Integration is the key!

A lot has been written on this subject over the years, but most of the verbiage has dealt with generalities. Homebuilders and construction project managers have asked me to explain some of the differences and I have tried to relate these differences to their business.

The Best of Breed (BOB) solution is usually interfaced together by one of the vendors involved in the solution. Indeed there are solutions available that require a vendor of accounting software for home builders, sales software, construction project management software and homebuyer customer service software. The system interfacer will claim that they have married together the best of all solutions on the market, by bringing together four databases. Let us consider this claim when it comes to a comparison the truly integrated Enterprise Resource Planning (ERP) software for builders.

Consider for instance an integrated ERP customer service module:

  1. Does it integrate to the purchase order module, in such a way that warranty staff are able to easily determine who did the original work on the lot?
  2. Does it integrate to the sales module so that all customer information and option selections are automatically transferred over?
  3. Does it integrate to accounting module to the extent that all work on the lot that cannot be charged back, is automatically posted to the warranty cost code in the costing module?
  4. Does it integrate to the accounting module to the extent that all backcharges approved by customer service, automatically reduce the payment to the errant subcontractor on the next pay run?
  5. Does it integrate to the purchase order software to allow warranty to issue customer service purchase orders that can be tracked through the normal process of the builder?

These are integration questions from just one module! Most or all of these will not be handled by BOB software.

Consider other more general questions that I have found important to the builder:

  1. Is the production software integrated to the extent that the closing entry to the general ledger with all the associated Work in process and Cost of sales entries (etc.) automated on a lot by lot basis?
  2. Can sales see the current status of all lots in a community by virtue of having the schedule integrated to the sales module?
  3. Can the approvers of an agreement run a margin report on a new prospective deal by virtue of having the budgeting and costing software integrated to the sales module?
  4. Can the builder run a report with data from all four BOB modules? An example may be where the CEO requires a field from warranty to be included in a required accounting report.
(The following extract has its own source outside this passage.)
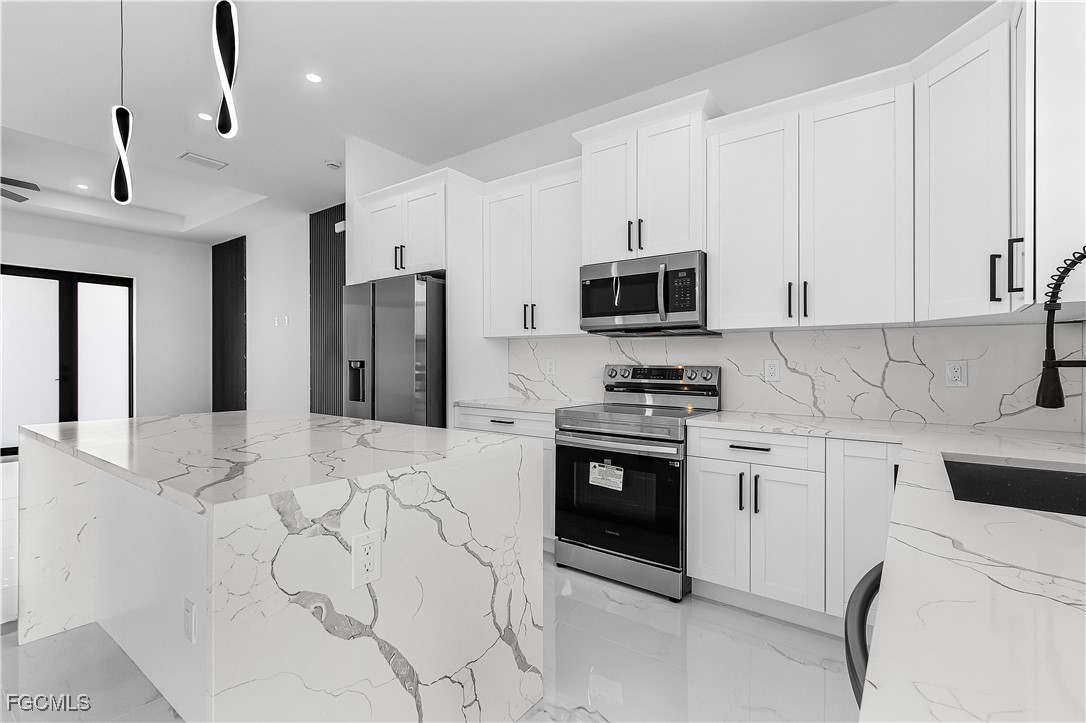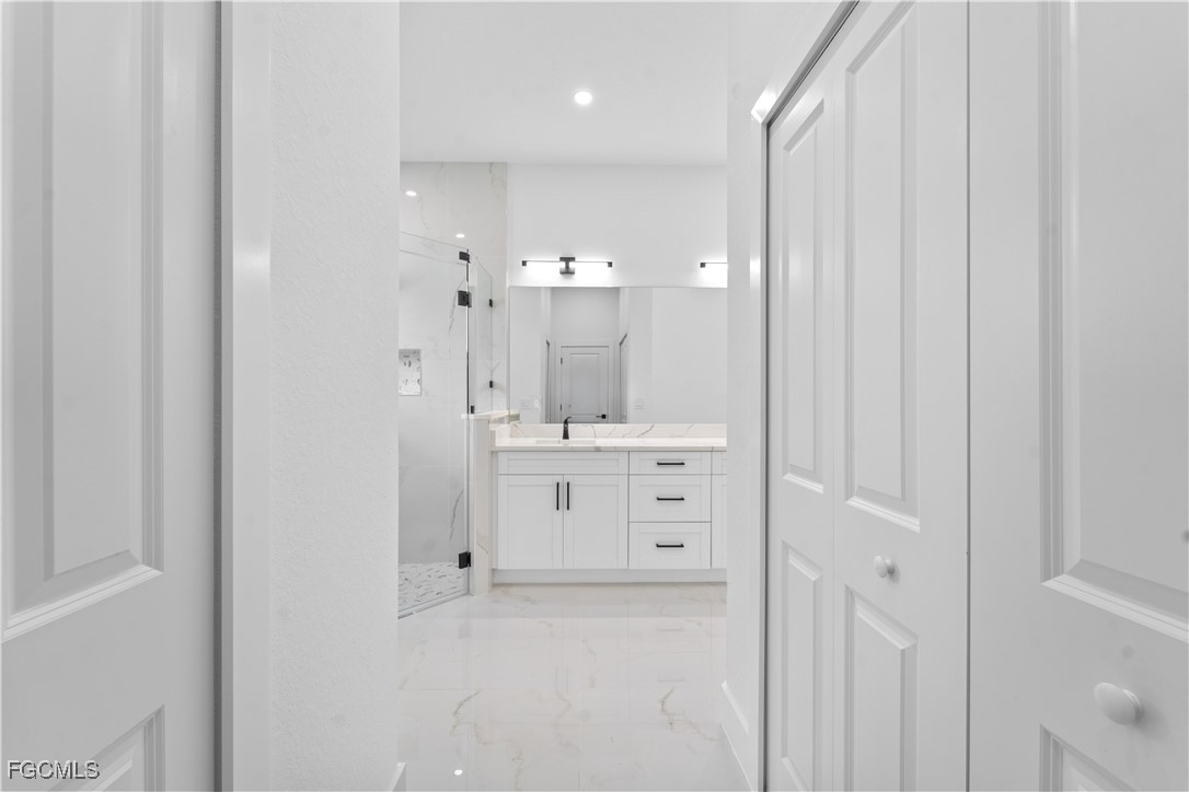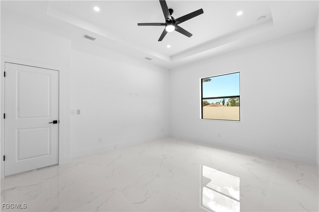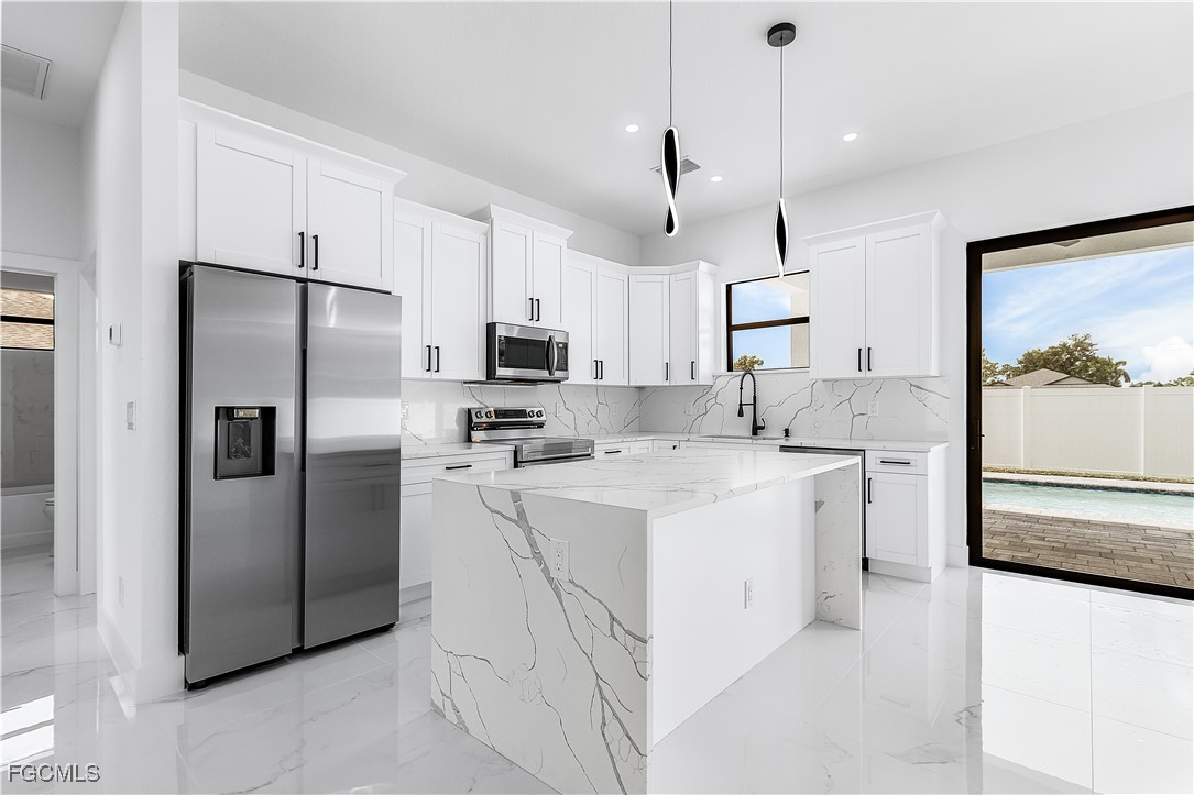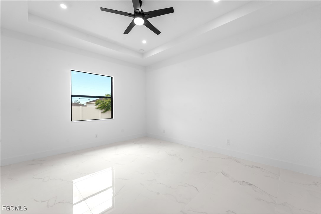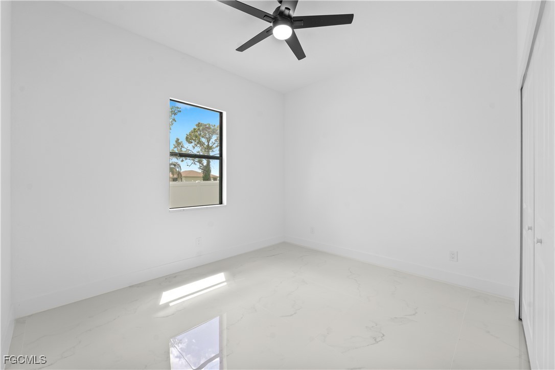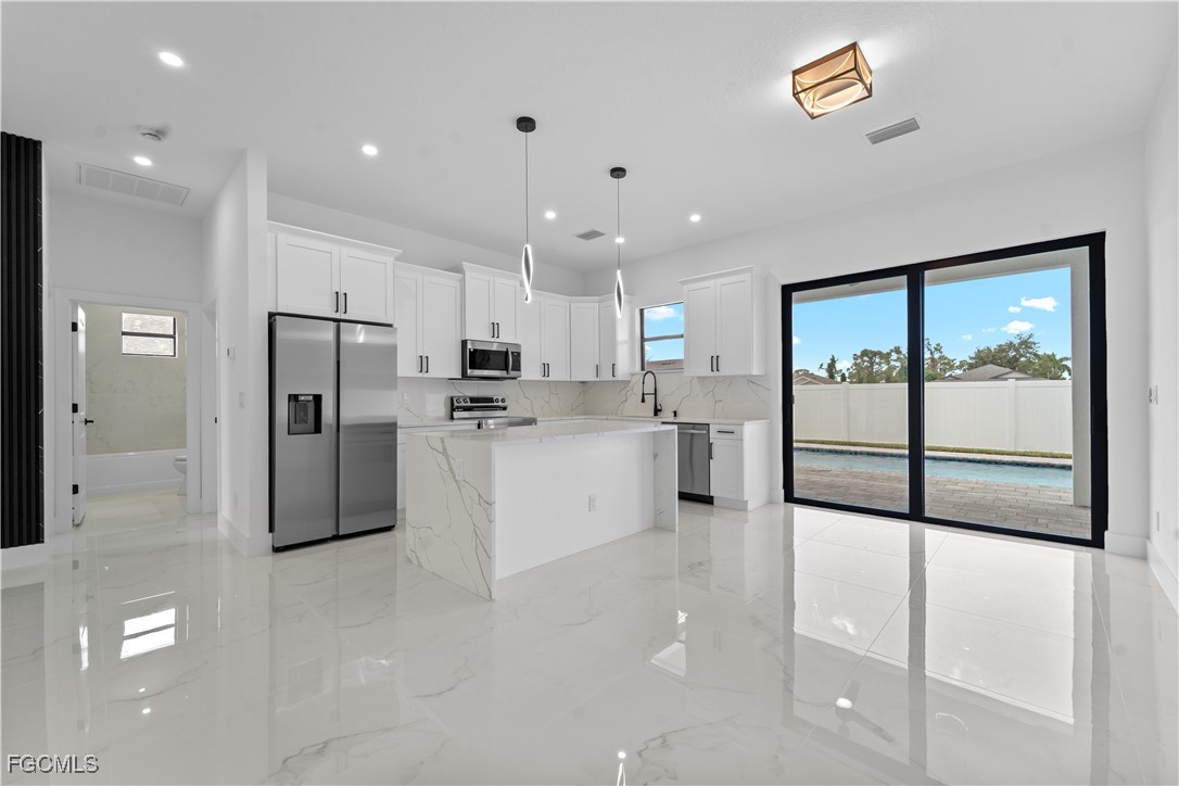 Welcome to 3034 NW 16th Place! Step into a home that balances bold design with everyday function in Cape Coral’s rapidly growing Northwest corridor, offering 4 bedrooms, 2 bathrooms, and a sparkling pool on a fully landscaped homesite. From the exterior you’ll notice clean architectural lines accented by pavered drive and lanai, fresh sod, 360-degree gutters, a full irrigation system, and custom LED lighting that makes the home glow after sunset, while the fenced backyard adds privacy and security. Inside, the layout is open yet defined, with ceilings climbing from 10 feet in the bedrooms to 12 and 13 feet in the living room, creating an airy volume rarely found in this price point. Impact windows and doors, R30 insulation, and epoxy-coated garage floors speak to durability and efficiency, while thoughtful finishes give the home a polished edge. The kitchen showcases quartz counters with a striking waterfall edge, stainless steel appliances, backsplash accents, soft-close cabinetry, custom closet-style storage, and a walk-in pantry that anchors the space, while the adjacent living room features a custom accent wall that elevates the feel from simple to standout. The primary suite delivers a private retreat with dual walk-in closets designed for organization, a glass-enclosed shower and dual vanity, while the remaining bedrooms are well-scaled, each with ceiling fans and natural light. Tile floors throughout make for seamless flow and easy upkeep. Outdoor living is effortless here: the pool and lanai invite year-round enjoyment, framed by pavers and designed for both gatherings and quiet relaxation. Every detail has been considered, from custom LED lighting inside and out, to closet shelving and storage systems, to the irrigation that keeps the landscape fresh and vibrant. Located near boat ramps, Pine Island Road, shopping, dining, and just a short drive to airports and Gulf access, this home offers both immediate comfort and future value in one of Cape Coral’s most active growth areas. 3034 NW 16th Place is not just another new build—it’s a property that combines practical upgrades with modern style, ready for its first chapter. Schedule your showing today.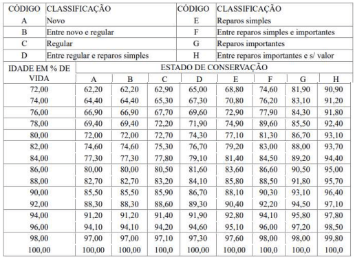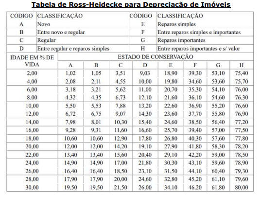 Para o cálculo da reedição da benfeitoria, o avaliador fundamentou sua análise da depreciação física no método de Ross-Heidecke, que leva em consideração a idade e o estado de conservação no momento da vistoria. As tabelas necessárias ao método estão apresentadas a seguir:

As a general rule the BOB supplier would recommend that the builder set up yet another database to consolidate the reporting.
  5. The vendor portal in most solutions does a good job with purchase orders. However does it integrate to the accounting software to the extent that the trades can see the check number and amount that paid the purchase order?

I could go on and on but true integration that pays back to the builder.

One objection pointed to the ERP vendor is that you have “all your eggs in one basket”. Check out the ERP vendor you are dealing with as it may be that the vendor is on very solid financial ground. In a BOB solution you must do due diligence on say four vendors, any one of whom could bring down the solution which no one really owns. Will any one or all of the vendors continue to be a best of breed vendor? Who decides this?

When problems occur in an ERP solution it is one call to one vendor. In a BOB solution you would be faced with four numbers. Many times they may say the problem is another vendor’s problem.

Don’t get me wrong, I have seen BOB solutions function but usually to the extent that IT resources are hired to run it. The running cost of a BOB solution has to be higher because of the databases involved and the resulting reporting requirements.

I ask the reader one question. If you built a software solution, would you not want to be in complete control of it?